Something in the “Like a Prayer” video had triggered my father. The video is ripe with religious symbolism—most of which I couldn’t understand because I’d never been to church—but it also deals with race. Madonna originally wanted the video to feature a mixed-race couple under attack by the Ku Klux Klan; she ended up using a storyline about the assault of a white woman and a black man who is subsequently, and wrongfully, imprisoned.

In The Billboard Book of Number One Hits author Fred Bronson quotes Madonna saying: “This story of a girl who was madly in love with a black man, set in the South, with this forbidden interracial love affair. And the guy she’s in love with sings in a choir. So she’s obsessed with him and goes to the church all the time. And then it turned into a bigger story, which was about racism and bigotry.”

I wouldn’t have called my father racist back then, yet I recognized that whatever messages he’d received from “Like a Prayer” he had determined to be harmful for me. I also knew that the world was changing for women, and Madonna was accelerating that change while constantly testing the boundaries of tradition and acceptability, too. The Vatican condemned the video. Conservative Christian groups called for her downfall. Pepsi yanked the song from a commercial.

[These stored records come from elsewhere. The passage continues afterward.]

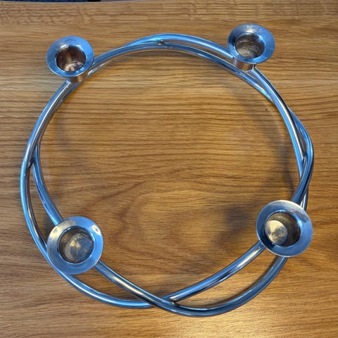 Georg Jensen lysestage i metal med plads til fire lys. Lysestagen har et enkelt og moderne design.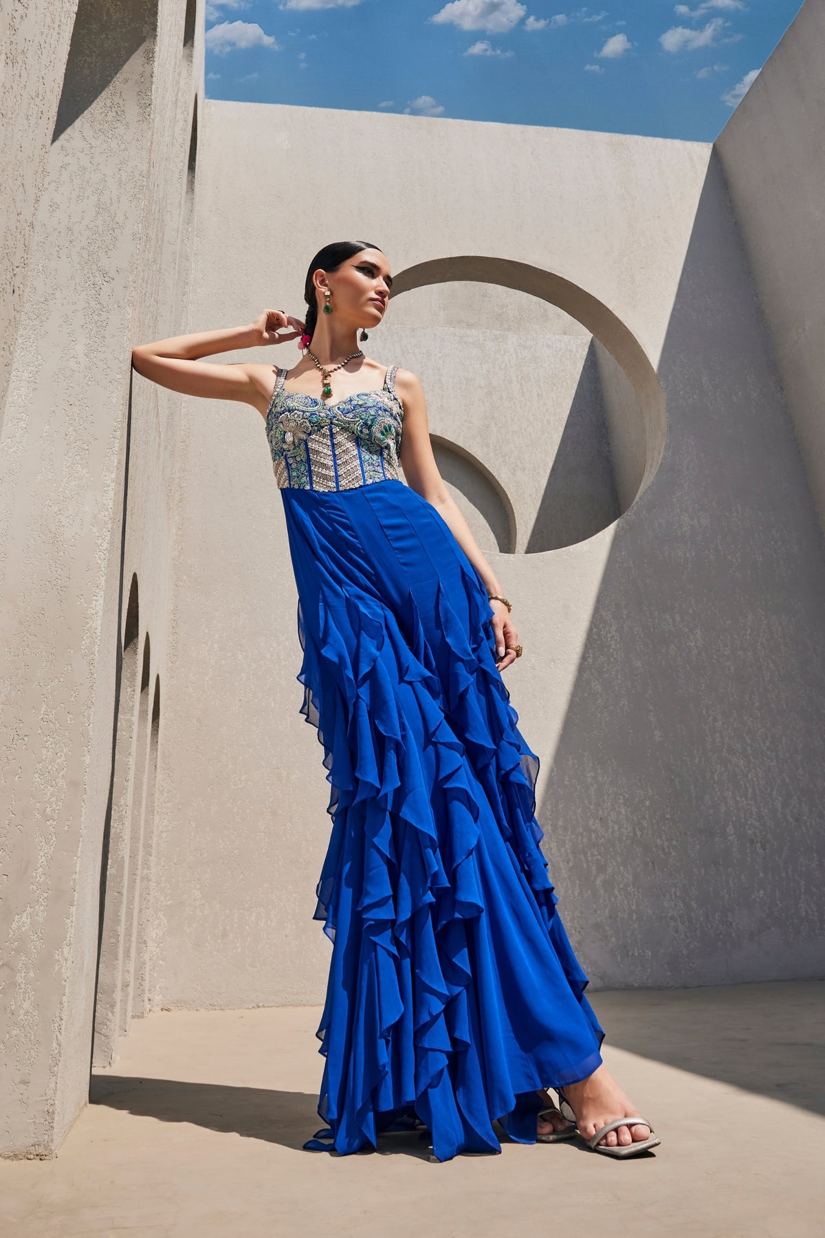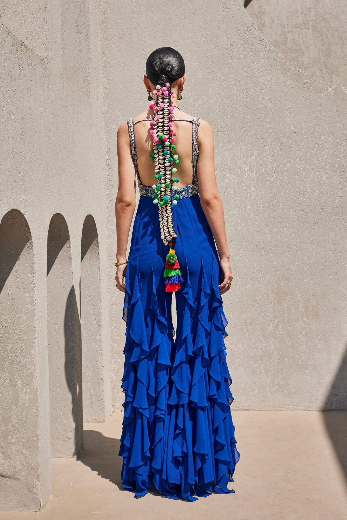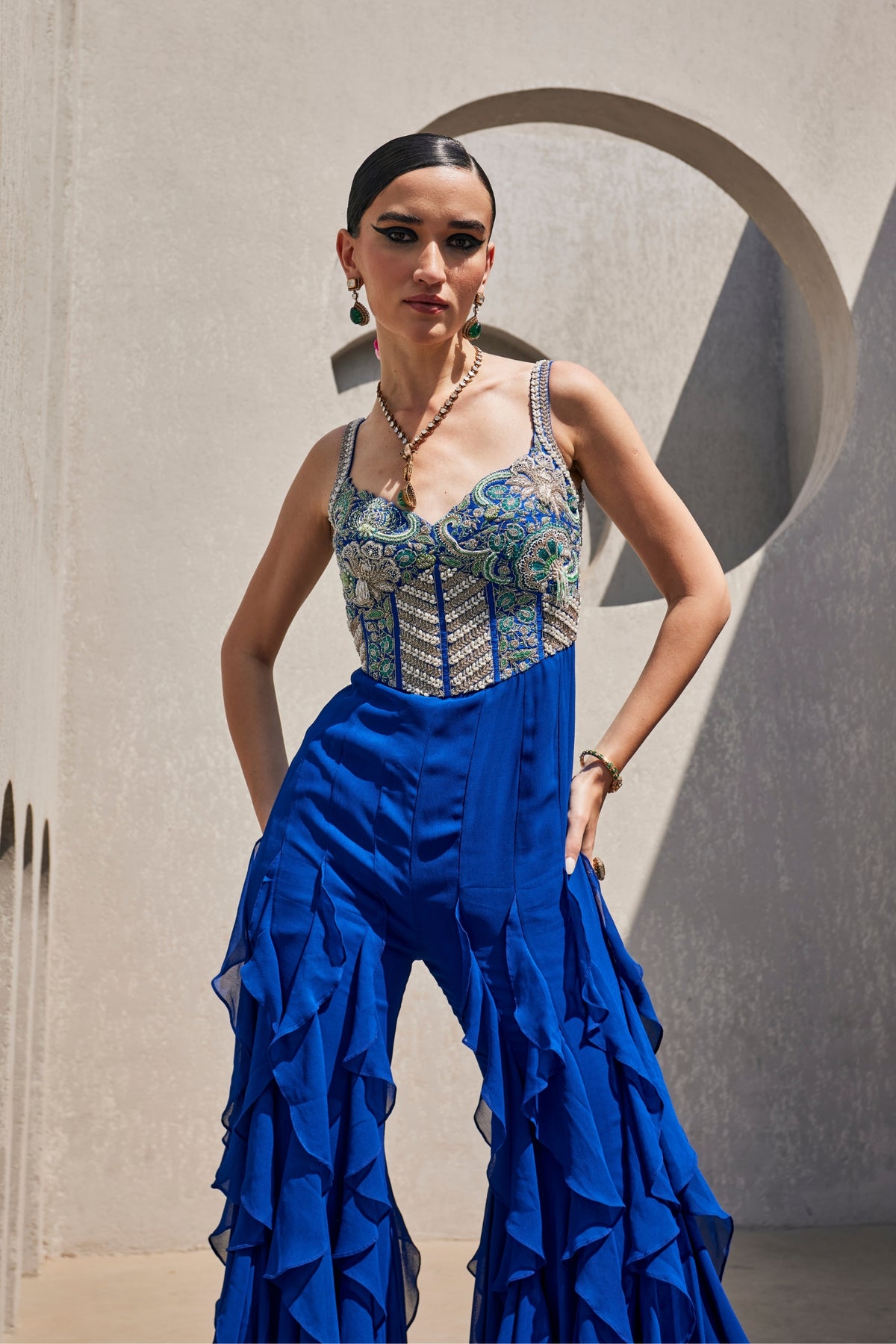 Electric blue ruffled jumpsuit featuring a raw silk corset bodice, intricately embellished with our signature embroidery in tonal Kardhana, resham, glass beads, and drop-shaped pearls.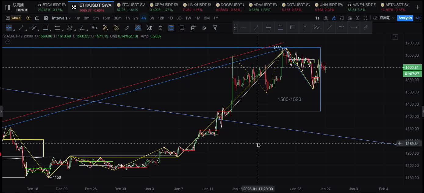 2023.1.26缠解大盘_BTC- ETH还需要调整,回踩可继续多

My father was himself no saint, but it would take many more years for me to understand why Madonna’s boldness unnerved him. Society lets men be provocative and wild, but calls the same behavior controversial when it comes from Madonna or Aunt C. First we’ll be defying our fathers; next we’ll be dating black men!

As a kid, I knew Madonna was important, but I didn’t understand quite how. I didn’t know that my father wanted me meek and conventional, either. But Madonna scared men and these religious groups because her defiance—and her popularity—threatened their power. Sadly, a big part of being a woman is shirking what men—white men, in particular—have prescribed for us and what they’re always attempting to preserve.

The last time I prayed, my father really was dying. By then, he’d softened his stance on the world. I take credit for that. We lived together during my teenage years and managed to bridge a gulf most fathers and daughters never can. I wasn’t meek or conventional then, and I never would be. I’d gotten off my knees long ago. And I’ve never looked back.